Summary: In step 4 we make a searching and fearless moral inventory of ourselves.
Text: Lamentations 3:40 Let us examine our ways and test them, and let us return to the Lord
At a very young age I was first exposed to the drudgery of taking an annual inventory. First at the family grocery business and later in pharmacies. At these times I did not consider it a fun job. I would ask “why are we doing this” and the answer, as I recall, was because we have to - the Internal Revenue Service requires us to do an inventory once a year. Maybe they actually did not know or didn’t think an 11 year old would grasp complicated business strategy. As a young pharmacist I still didn’t understand what we were doing other than it was an I.R.S. requirement or some “bean counter” needed a number. I was more than willing to relinquish territory and let the bean counter get his own numbers but they never seemed to appreciate my offer. Taking inventory did not fit nicely into my concept of the things I wanted to do as a pharmacist. It was boring, it always involved overtime without pay, it was poorly organized and I was expected to accomplish my normal tasks in addition to doing the boring and tedious job of counting the inventory. The real joy killer was that nobody seemed to do anything of significance with the data obtained.
You can imagine my reaction when I learned as an new owner of a Medicine Shoppe franchise that I was expected to perform a complete inventory every three months.
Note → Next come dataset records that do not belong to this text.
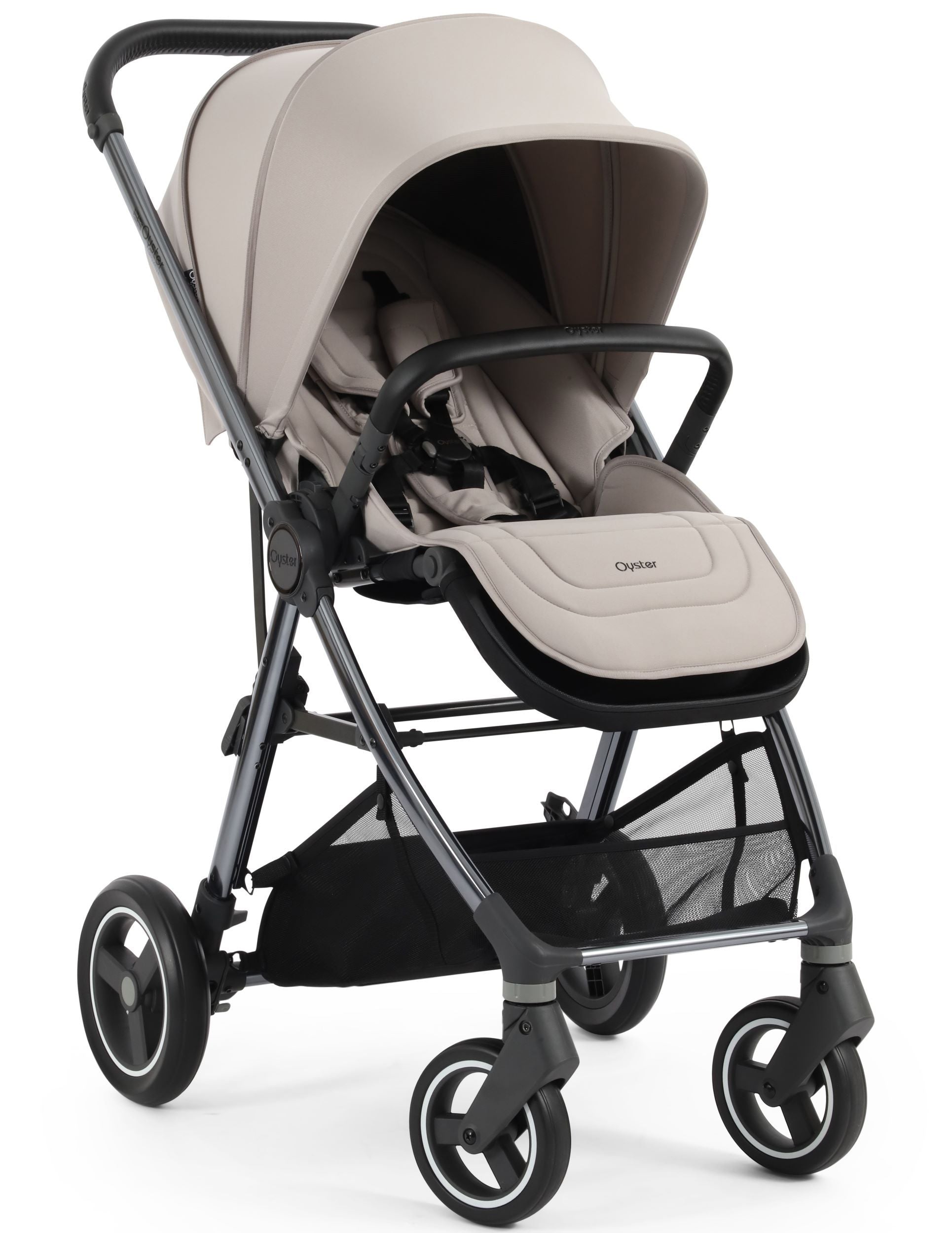 Stroller includes: chassis with wheels, complete seat unit, bumper bar and rain cover. Suitable from birth to 22kg. Compatible with the Oyster Carrycot.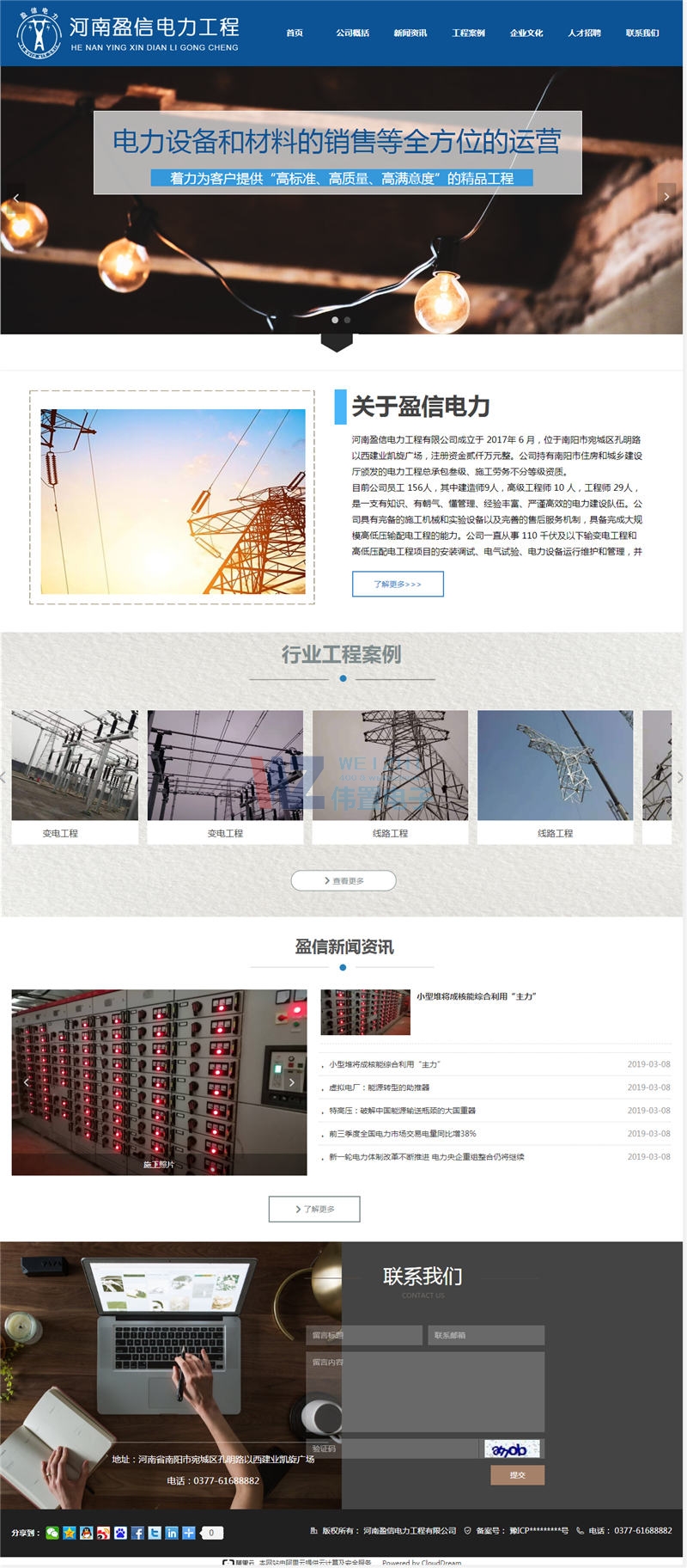 河南某信電力工程的新做的網(wǎng)站建設(shè)屬于展示型,網(wǎng)站上主要展示該企業(yè)的一些信息,比方:工程案例,企業(yè)文化等。網(wǎng)站選用藍(lán)色為導(dǎo)航欄目顏色,最主要一點是和該公司logo相匹配。域名選用了該企業(yè)的公司簡稱全拼英文,域名與網(wǎng)站名稱相對應(yīng)有助于百度收錄,也有助于客戶記住該企業(yè)。本網(wǎng)站為我公司與河南聯(lián)通合作的阿里云建站項目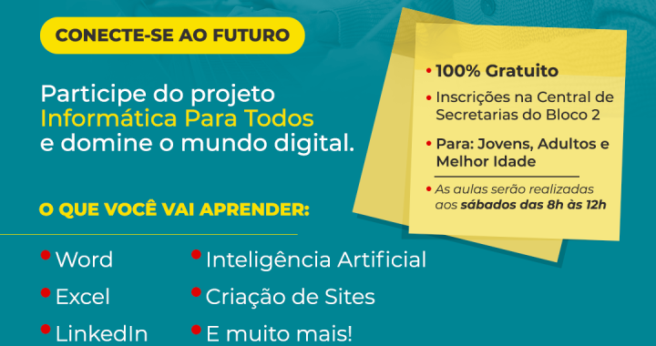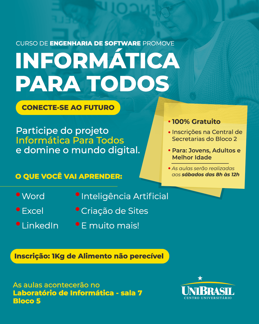 O projeto Informática Para Todos segue em constante evolução, reforçando o compromisso do UniBrasil com a educação como instrumento de transformação social, promovendo inclusão, autonomia e novas oportunidades para a comunidade. As inscrições podem ser realizadas de forma presencial, na secretaria, no térreo do Bloco 2, mediante a doação de 1 kg de alimento não perecível.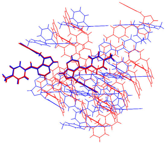 A comparison of the molecular packing between the α- (red image) and β- (blue) polymorphs, showing two pairs of molecules (highlighted as bold tubes) out of 15 fit within the 20% tolerance criterion.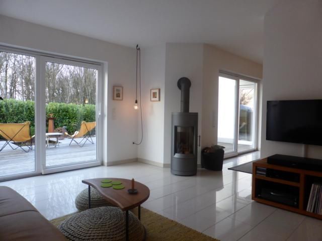 In der Übergangszeit verbreitet ein schwenkbarer gußeiserner Kaminofen der Fa. Hase angenehm wohlige Wärme in dem ca. 34 m² großen schön aufgeteilten Wohn- und Essbereich (optisch unterteilt durch eine Mauerscheibe).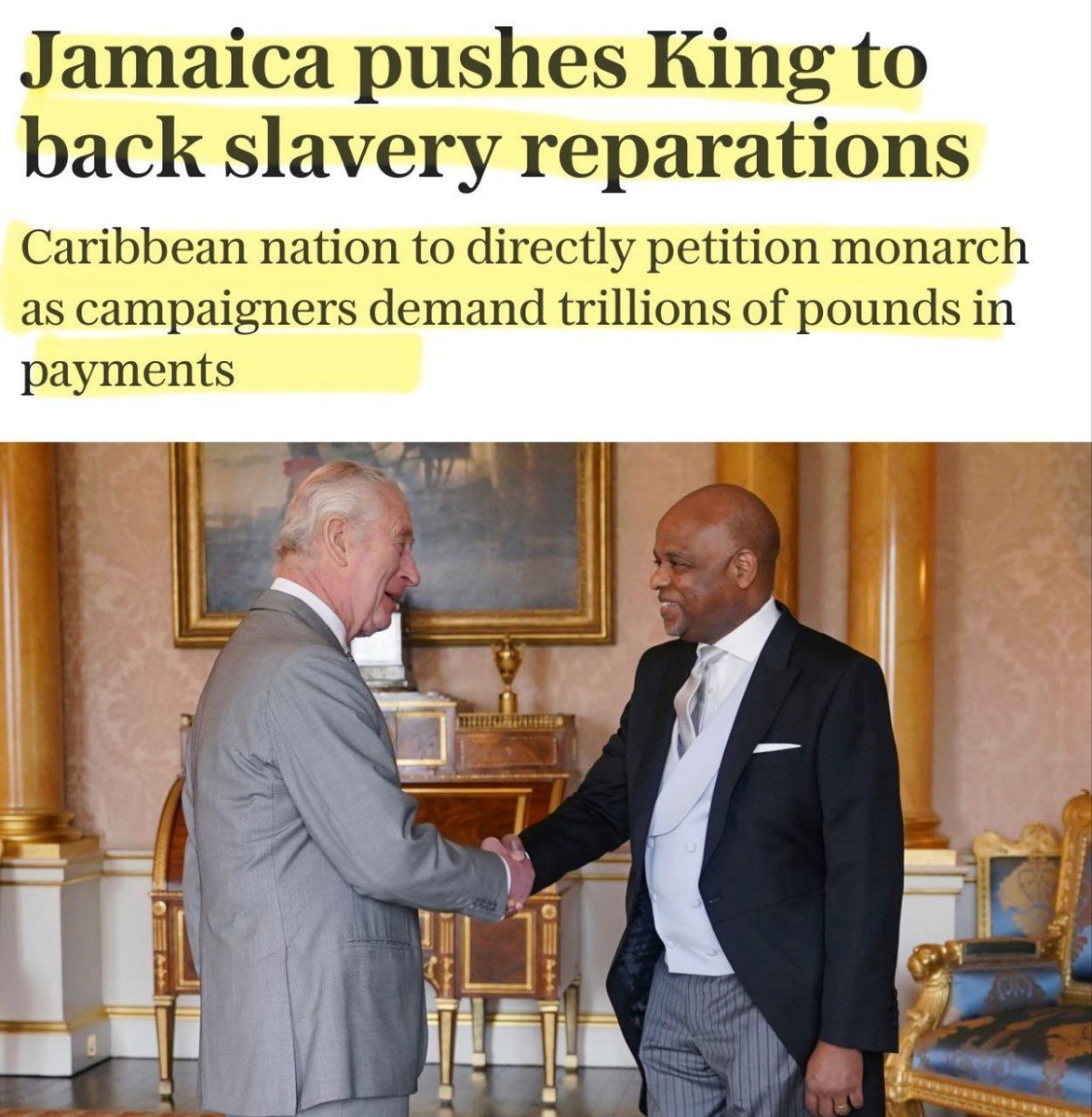 Ямайка потребовала от британского короля триллион фунтов репараций за рабство. @nemediatema

However, I noticed quickly that the franchise owners who worked the programs were successful and made money. Those who fought the programs, or only went through the motions, usually failed or at least failed to thrive. I elected to be a team player. Suddenly I had a vested interest in this process --- my attitude changed. I did the four inventories a year and my organizational skills allowed me to make innovations that resulted in the task being expedited. I started to understand why we were doing this. We had a limited amount of money to invest in inventory. More critical than money was space. In an 800 square foot pharmacy we could not allocate space for items that did not sell. There was no place available for nostalgia or “we always had this before“. The money and space could better be used. We could not afford to waste valuable space for items that produced no profit or prevented us from stocking items that could generate profit by a better utilization of resources. I transformed my thinking completely on this task. At first I only saw this as drudgery to accommodate a regulatory or accounting requirement. I saw no useful application. I came to see this function as a vital tool in my success in business. Once I saw the usefulness, I honed in on the process constantly making it more efficient and accurate. With the appearance of computers, I was able to keep perpetual inventories and totals that were only available four times a year with the expenditure of thirty plus man hours could be obtained in minutes every hour if necessary using virtually no man hours. A task that began as drudgery became a task that I had great enthusiasm for once I saw the benefits.
As a compulsive overeater, in recovery, and in a Twelve Step recovery program patterned after Alcoholics Anonymous, I am confronted with another type of inventory.
The “Big Book” of AA lists the steps. Number Four States “ (We) made a searching and fearless moral inventory of ourselves”. Ouch this could be painful! Can I just go back to the grocery store and count the tomato soup cans or something else a little less personal? Can’t I keep my old harmful inventory because we have become such good friends?
I know these are character defects but we have spent a lot of time together. Please Lord sanctify me but not here -- let me keep one foot in my old ways of thinking. Just like at the Medicine Shoppe there is only so much room to store inventory. There is no useful purpose in keeping bad moral inventory. With anger and resentment on the shelf there is no room for honesty and truthfulness. With three shelves taken up by fear and anxiety there is no room for faith and sensitivity. The analogies go on and on. For the pharmacy to function efficiently and profitably the bad inventory must be removed and replaced with good inventory. As redeemed Christians we need ask God to get rid of our bad inventory to make room for good moral inventory. We need to identify the liabilities in our character and ask Him to remove these and ask for sanctifying replacements.